The Great Cartoon Directors: Chuck Jones

I have selected some passages from Jeff Lenberg’s book The Great Cartoon Directors to share here.  I chose them for their practical examples of creating funny cartoons, or if they support the idea of being inspired by live comedians.

Chuck first became infatuated with the movie business at the tender age of six.  It was several years after his birth on September 21, 1912 that Jones and his parents moved from Spokane Washington, to Hollywood.  They lived on Sunset Boulevard, right across from Hollywood High School.  It was here that Jones learned about movie making.  Just two blocks down from his house was the Chaplin Studios.

Jones has a snub nose, he says, from pressing it too hard against the fence in front of the Chaplin Studios to watch how comedies were made.  As he recalled, “I learned a great deal from watching Chaplin.  Father came home one day, and said he saw Chaplin film a scene he’d done 52 times to get it right for fifteen seconds on the screen.  It had a lot to do with timing.”  The bit Chaplin was trying to perfect was his famous one-legged turn.

Jones analyzes Bug’s personality as such:  “Bugs stood with one leg straight and the other leg akimbo.  Because he’s not afraid, he engages in the matter.  We always started Bugs out in a natural rabbit environment and somebody came along an tried to do him in.  And then he fought back.  So it was no more like Groucho Marx. Once the battle is joined you can’t get him loose even with a pair of crowbars.  Because it’s a joy.  As Groucho said, “You know of course this means war!”  And so it was with Bugs.  He was something more personal and special to me, more than any other character I have directed.”

See, this is why I don’t like the new Looney Tunes TV show.  Bugs lives in a house.

“We followed certain disciplines.  Bugs always made his appearance in a natural rabbit situation.  Unlike Woody Woodpecker, he was never mischievous without a particular reason.
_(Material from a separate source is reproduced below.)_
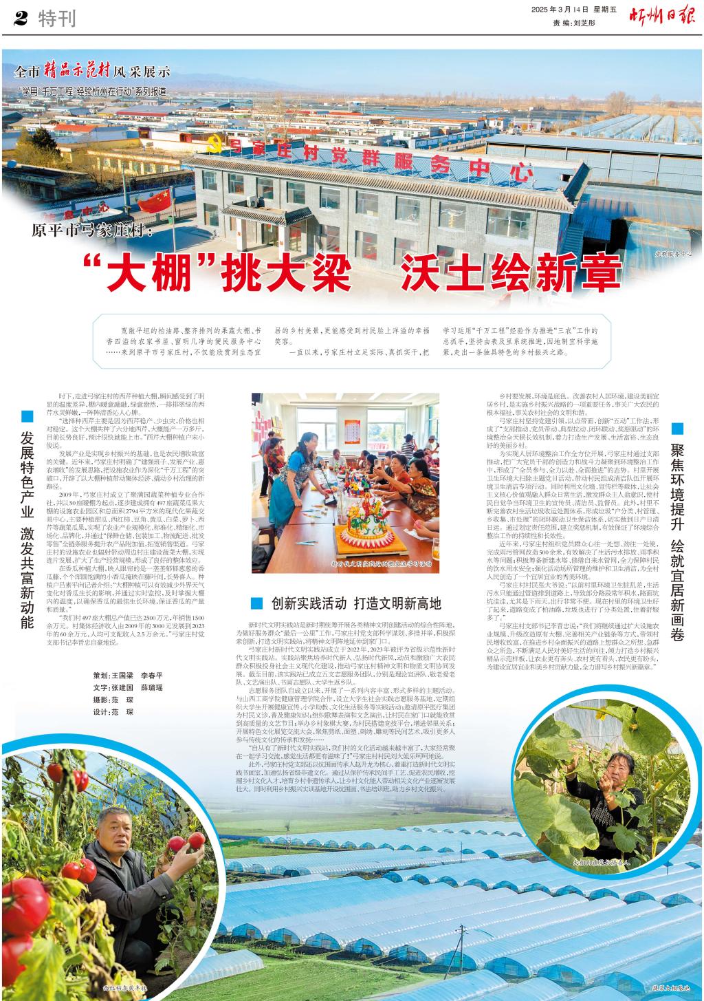 寬敞平坦的柏油路、整齊排列的果蔬大棚、書香四溢的農(nóng)家書屋、窗明幾凈的便民服務(wù)中心……來到原平市弓家莊村,不僅能欣賞到生態(tài)宜居的鄉(xiāng)村美景,更能感受到村民臉上洋溢的幸福笑容。 一直以來,弓家莊村立足實(shí)際、真抓實(shí)干,把學(xué)習(xí)運(yùn)用“千萬工程”經(jīng)驗(yàn)作為推進(jìn)“三農(nóng)”工作的總抓手,堅(jiān)持由表及里系統(tǒng)推進(jìn),因地制宜科學(xué)施策,走出一條獨(dú)具特色的鄉(xiāng)村振興之路。 ■ 發(fā)展特色產(chǎn)業(yè) 激發(fā)共富新動(dòng)能 時(shí)下,走進(jìn)弓家莊村的西芹種植大棚,瞬間感受到了明顯的溫度差異,棚內(nèi)暖意融融,綠意盎然,一排排翠綠的西芹水靈鮮嫩,一陣陣清香沁人心脾。 “選擇種西芹主要是因?yàn)槲髑鄯€(wěn)產(chǎn)、少蟲災(zāi),價(jià)格也相對穩(wěn)定。這個(gè)大棚共種了六分地西芹,大概能產(chǎn)一萬多斤,目前長勢良好,預(yù)計(jì)很快就能上市?!蔽髑鄞笈锓N植戶宋小俊說。 發(fā)展產(chǎn)業(yè)是實(shí)現(xiàn)鄉(xiāng)村振興的基礎(chǔ),也是農(nóng)民增收致富的關(guān)鍵。近年來,弓家莊村明確了“建強(qiáng)班子、發(fā)展產(chǎn)業(yè)、惠農(nóng)增收”的發(fā)展思路,把設(shè)施農(nóng)業(yè)作為深化“千萬工程”的突破口,開辟了以大棚種植帶動(dòng)集體經(jīng)濟(jì)、撬動(dòng)鄉(xiāng)村治理的新路徑。 2009年,弓家莊村成立了聚滿園蔬菜種植專業(yè)合作社,并以50座暖棚為起點(diǎn),逐步建成擁有497座蔬菜瓜果大棚的設(shè)施農(nóng)業(yè)園區(qū)和總面積2794平方米的現(xiàn)代化果蔬交易中心,主要種植甜瓜、西紅柿、豆角、黃瓜、白菜、蘿卜、西芹等蔬菜瓜果,實(shí)現(xiàn)了農(nóng)業(yè)產(chǎn)業(yè)規(guī)?;?、標(biāo)準(zhǔn)化、精細(xì)化、市場化、品牌化,并通過“保鮮倉儲、包裝加工、物流配送、批發(fā)零售”全鏈條服務(wù)提升農(nóng)產(chǎn)品附加值,拓寬銷售渠道。弓家莊村的設(shè)施農(nóng)業(yè)也輻射帶動(dòng)周邊村莊建設(shè)蔬菜大棚,實(shí)現(xiàn)連片發(fā)展,擴(kuò)大了生產(chǎn)經(jīng)營規(guī)模,形成了良好的整體效應(yīng)。 在香瓜種植大棚,映入眼簾的是一壟壟郁郁蔥蔥的香瓜藤,個(gè)個(gè)渾圓飽滿的小香瓜掩映在藤葉間,長勢喜人。種植戶呂素平向記者介紹:“大棚種植可以有效減少外界天氣變化對香瓜生長的影響,并通過實(shí)時(shí)監(jiān)控,及時(shí)掌握大棚內(nèi)的溫度,以確保香瓜的最佳生長環(huán)境,保證香瓜的產(chǎn)量和質(zhì)量?!?/p> “我們村497座大棚總產(chǎn)值已達(dá)2500萬元,年銷售1500余萬元。村集體經(jīng)濟(jì)收入由2009年的3000元發(fā)展到2023年的60余萬元,人均可支配收入2.5萬余元?!惫仪f村黨支部書記李晉忠自豪地說。 ■ 創(chuàng)新實(shí)踐活動(dòng) 打造文明新高地 新時(shí)代文明實(shí)踐站是新時(shí)期統(tǒng)籌開展各類精神文明創(chuàng)建活動(dòng)的綜合性陣地,為做好服務(wù)群眾“最后一公里”工作,弓家莊村黨支部科學(xué)謀劃、多措并舉,積極探索創(chuàng)新,打造文明實(shí)踐站,將精神文明陣地延伸到家門口。 弓家莊村新時(shí)代文明實(shí)踐站成立于2022年,2023年被評為省級示范性新時(shí)代文明實(shí)踐站。實(shí)踐站聚焦培養(yǎng)時(shí)代新人、弘揚(yáng)時(shí)代新風(fēng),動(dòng)員和激勵(lì)廣大農(nóng)民群眾積極投身社會主義現(xiàn)代化建設(shè),推動(dòng)弓家莊村精神文明和物質(zhì)文明協(xié)同發(fā)展。截至目前,該實(shí)踐站已成立五支志愿服務(wù)團(tuán)隊(duì),分別是理論宣講隊(duì)、敬老愛老隊(duì)、文藝演出隊(duì)、書畫志愿隊(duì)、大學(xué)生返鄉(xiāng)隊(duì)。 志愿服務(wù)團(tuán)隊(duì)自成立以來,開展了一系列內(nèi)容豐富、形式多樣的主題活動(dòng)。與山西工商學(xué)院健康管理學(xué)院合作,設(shè)立大學(xué)生社會實(shí)踐志愿服務(wù)基地,定期組織大學(xué)生開展健康宣傳、小學(xué)助教、文化生活服務(wù)等實(shí)踐活動(dòng);邀請?jiān)结t(yī)療集團(tuán)為村民義診,普及健康知識;組織歌舞表演和文藝演出,讓村民在家門口就能欣賞到高質(zhì)量的文藝節(jié)目;舉辦鄉(xiāng)村象棋大賽,為村民搭建競技平臺,增進(jìn)鄰里關(guān)系;開展特色文化展覽交流大會,聚焦剪紙、面塑、刺繡、雕刻等民間藝術(shù),吸引更多人參與傳統(tǒng)文化的傳承和發(fā)揚(yáng)…… “自從有了新時(shí)代文明實(shí)踐站,我們村的文化活動(dòng)越來越豐富了,大家經(jīng)常聚在一起學(xué)習(xí)交流,感覺生活都更有滋味了!”弓家莊村村民劉大姐樂呵呵地說。 此外,弓家莊村黨支部還以炕圍畫傳承人趙升龍為核心,著重打造新時(shí)代文明實(shí)踐書畫室,加速弘揚(yáng)省級非遺文化。通過從保護(hù)傳承民間手工藝、促進(jìn)農(nóng)民增收,挖掘鄉(xiāng)村文化人才,培育鄉(xiāng)村非遺傳承人,讓鄉(xiāng)村文化能人帶動(dòng)相關(guān)文化產(chǎn)業(yè)逐漸發(fā)展壯大。同時(shí)利用鄉(xiāng)村振興實(shí)訓(xùn)基地開設(shè)炕圍畫、書法培訓(xùn)班,助力鄉(xiāng)村文化振興。 ■ 聚焦環(huán)境提升 繪就宜居新畫卷 鄉(xiāng)村要發(fā)展,環(huán)境是底色。改

Only when he was disturbed did he then decide the time has come to war.  In a sense, in a sense, he was a counterrevolutionary.”
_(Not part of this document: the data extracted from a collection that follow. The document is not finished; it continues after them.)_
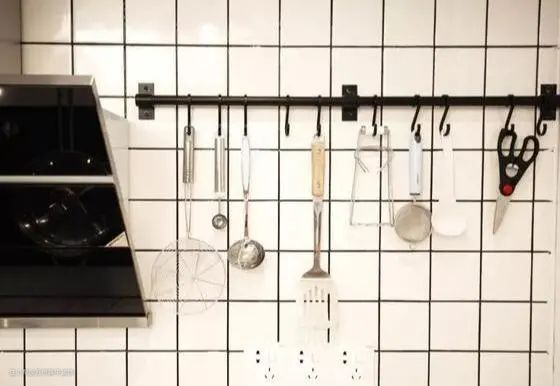 厨房台面上方的墙面位置,如果说只是任由浪费,那就是太可惜了,所以在充分利用好这个空间,这样能台面上面50%的杂乱。此进就可以在墙面上使用横杆+S钩的组合,能将原来放在台面上的小物品全部往墙上收纳,使用得台面瞬间变得整洁,这样下厨时动线更高效。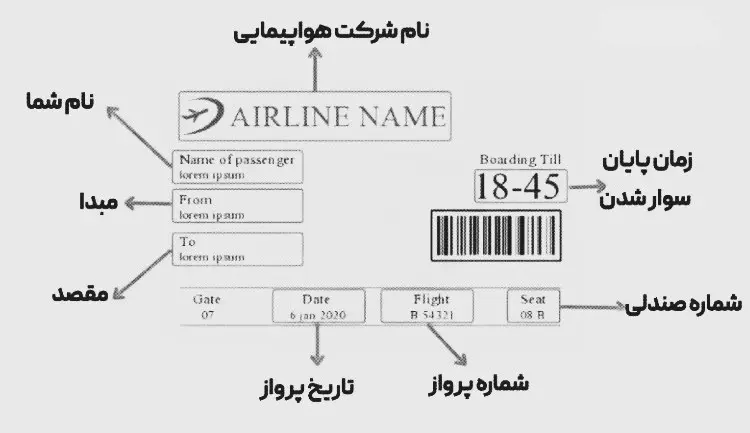 در ادامه، مهمترین بخشهای روی Boarding Pass را به زبان ساده توضیح میدهیم: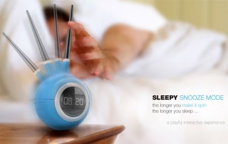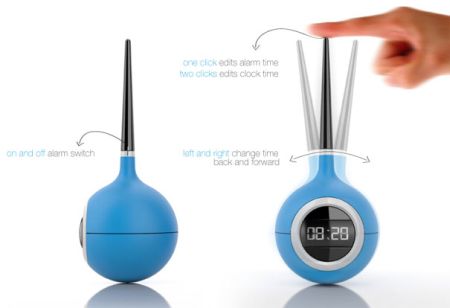 ????這款好似不倒翁一樣的搖擺鬧鐘,設(shè)計的精妙之處完全在它的那根天線棒上:通過點觸天線尖端,您可以設(shè)置鬧鐘的時間;轉(zhuǎn)動天線棒可以打開或關(guān)閉鬧鈴功能。除此之外,它的妙用還在于當鬧鈴響起時,如果您還想多睡一會,可以撥動天線棒,使鬧鐘像不倒翁一樣搖擺,鬧鐘會在搖擺停止時再次響起。想讓鬧鐘多響幾次,這款鬧鐘真是十分方便呢。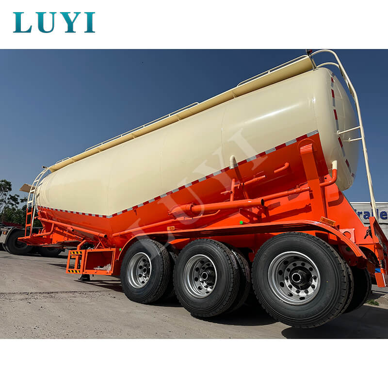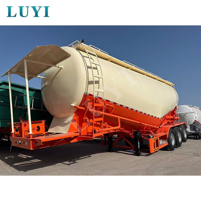 De 3-assige 40 kubieke meter V-type bulkcementtankoplegger van LUYI, provincie Shandong, China, is gemaakt van hoogwaardig staal en verkeert in gloednieuwe staat. Het is speciaal ontworpen voor het transport van cementpoeder in bulk, met een maximale effectieve belasting van meer dan 30.000 kilogram, en beschikt over een sterk draagvermogen.

The world could be coming to an end, but Bugs opted to be the straight man rather than the comic.  Bugs was the straight man to a myriad of characters in his cartoons; thugs, gremlins, aliens from outer space, and giants.  By playing it straight, Bugs delivered the necessary comic punch in putting the comedy across.  Bugs in the role of the straight man was as important to the success of the comedy as Bud Abbott was to Lou Costello, or as George Burns was to Gracie Allen.

BUGS AND ELMER FUDD.

The animated duo reminded moviegoers of the same chemistry seen in comedies staring Laurel and Hardy.  Fudd was much like Laurel; he was a slow thinker and even slower to react.  He had a slow burn quality about that would have made Edgar Kennedy , the technicians originator, especially proud.  In other ways, he was also like W.C. Fields since he kept his gestures close to his body.  Bugs, in contrast, was like Hardy; he had quick reactions and was fast footed when it was time to make chase.  Like most slender comedians, Bugs gestured freely and was never afraid to go outside his own boundary; Fudd was.

While their personalities are possibly that way, I don’t see Bugs and Elmer’s relationship that way at all.  Laurel and Hardy worked together, they weren’t at odds, intentionally.  There was certainly a chemistry between Bugs and Fudd, but not like L&H.

ON THE COYOTE

“The Coyote is victimized by his own ineptitude.  I never understood how to use tools, and that’s really the Coyotes problem.  He’s not at war with the gods, but with the miniscule things of every day life.  It is out of mounting frustration that the comedy develops.”